Task item =
Retype the lines below exactly, but only those from the line that has "Alfred Dunner Women's" through the line that has "越来越流行复古风,这条喇叭裤". Omit every picture.

[The data]

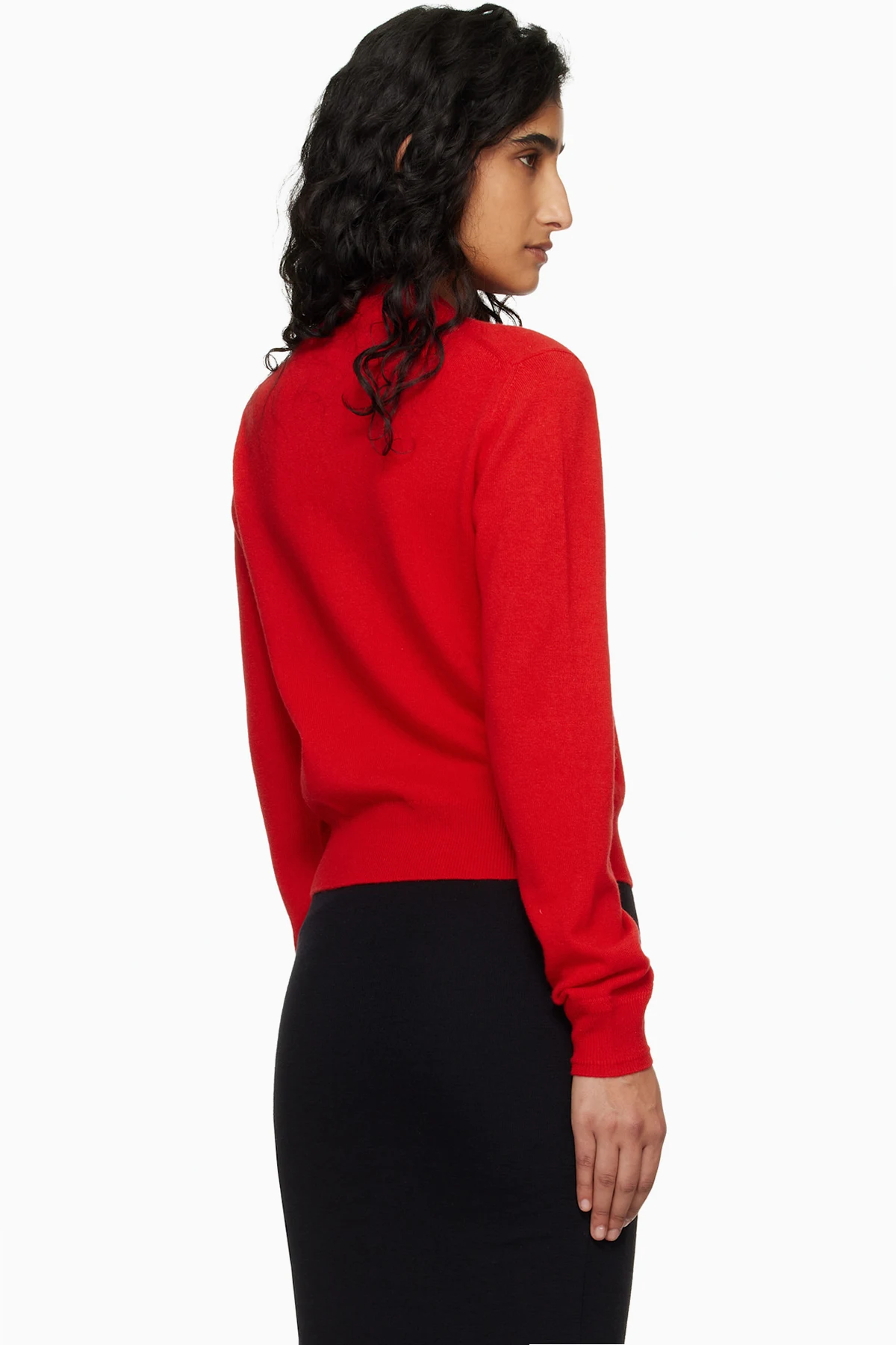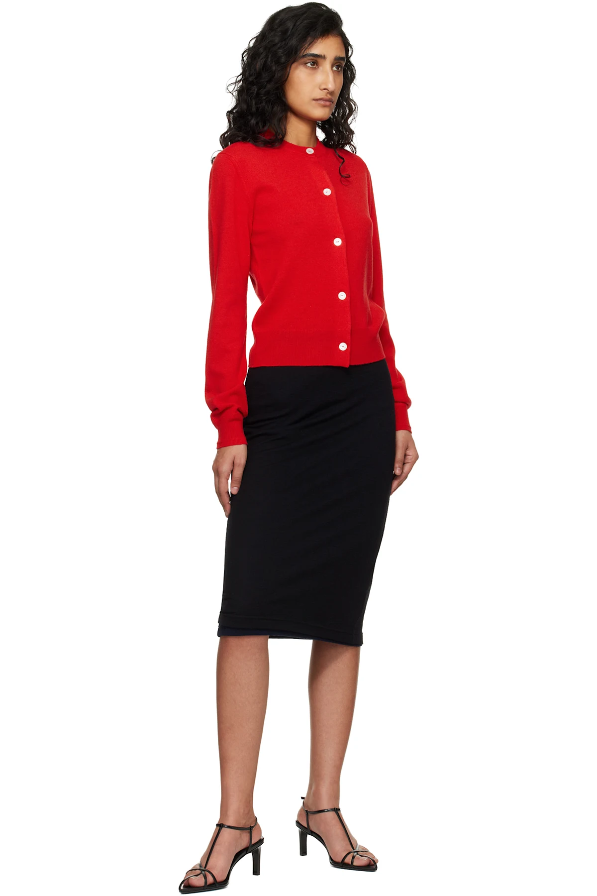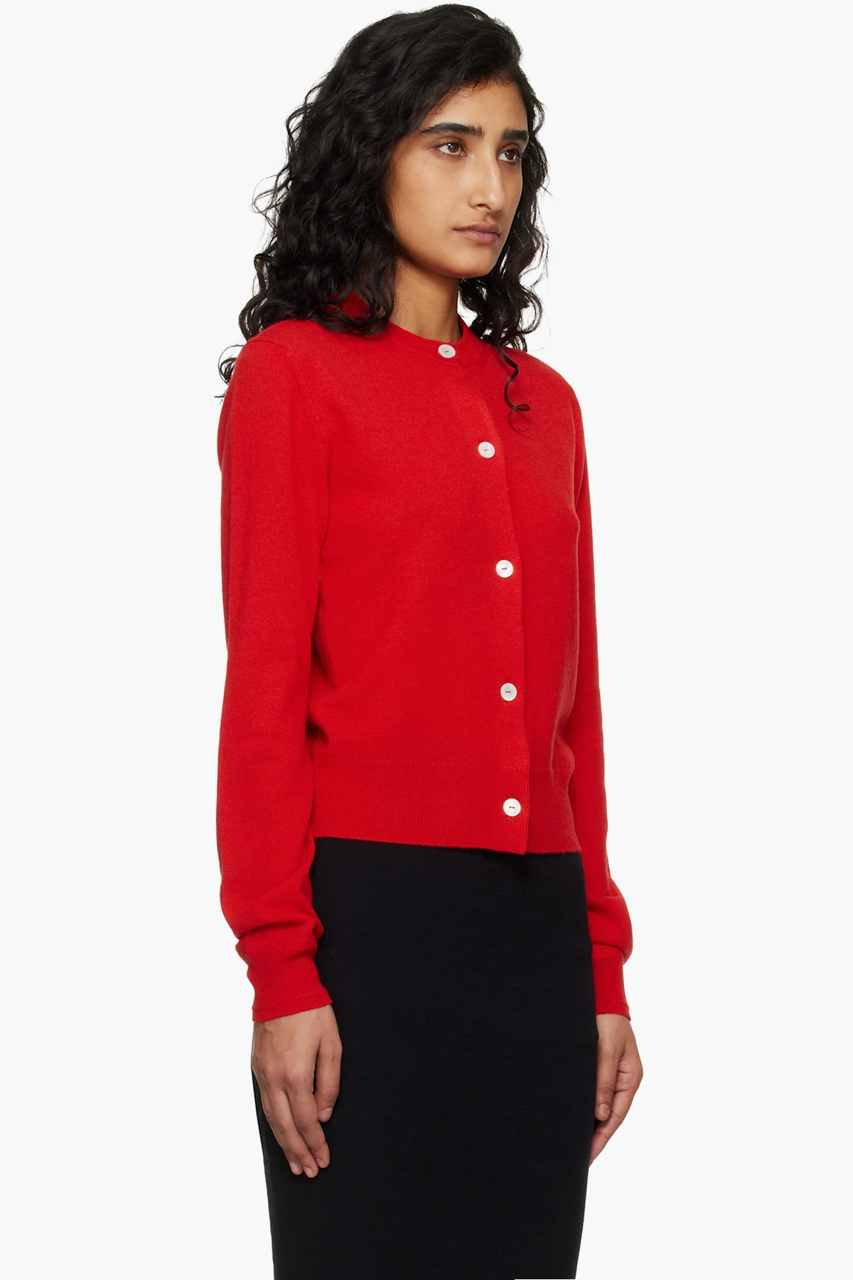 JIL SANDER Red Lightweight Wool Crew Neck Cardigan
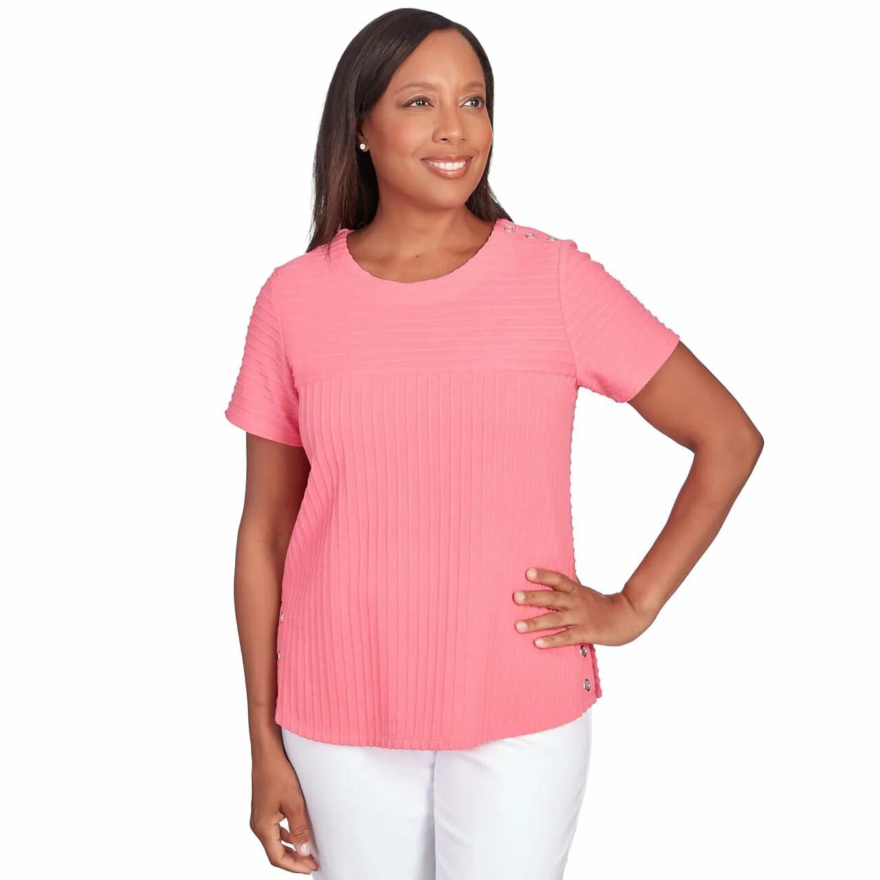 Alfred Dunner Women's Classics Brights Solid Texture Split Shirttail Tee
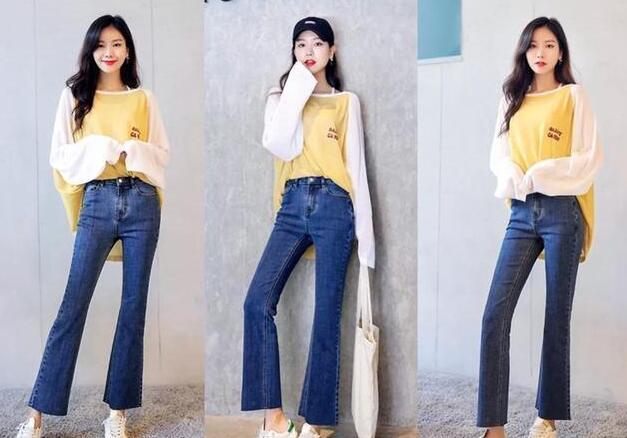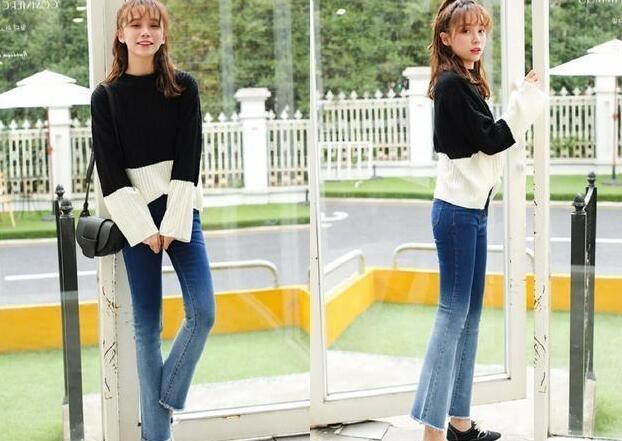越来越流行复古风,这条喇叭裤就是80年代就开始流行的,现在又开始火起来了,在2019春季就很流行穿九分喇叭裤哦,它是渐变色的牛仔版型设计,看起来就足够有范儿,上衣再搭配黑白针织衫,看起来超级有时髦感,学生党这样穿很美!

[/The data]
[The data]

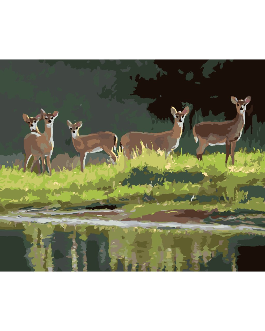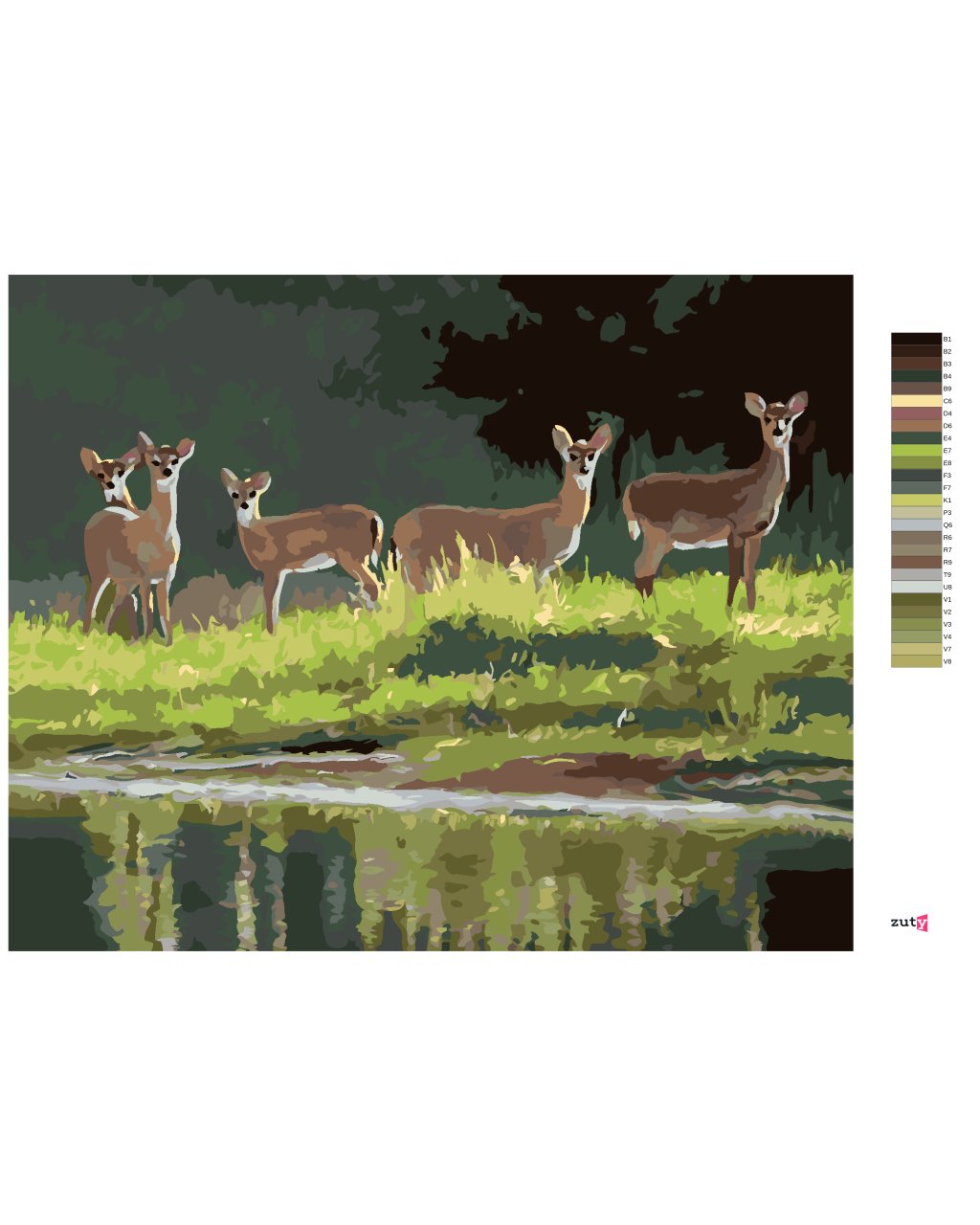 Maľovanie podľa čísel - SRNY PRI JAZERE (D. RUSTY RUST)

[/The data]

Task response =
 Alfred Dunner Women's Classics Brights Solid Texture Split Shirttail Tee
越来越流行复古风,这条喇叭裤就是80年代就开始流行的,现在又开始火起来了,在2019春季就很流行穿九分喇叭裤哦,它是渐变色的牛仔版型设计,看起来就足够有范儿,上衣再搭配黑白针织衫,看起来超级有时髦感,学生党这样穿很美!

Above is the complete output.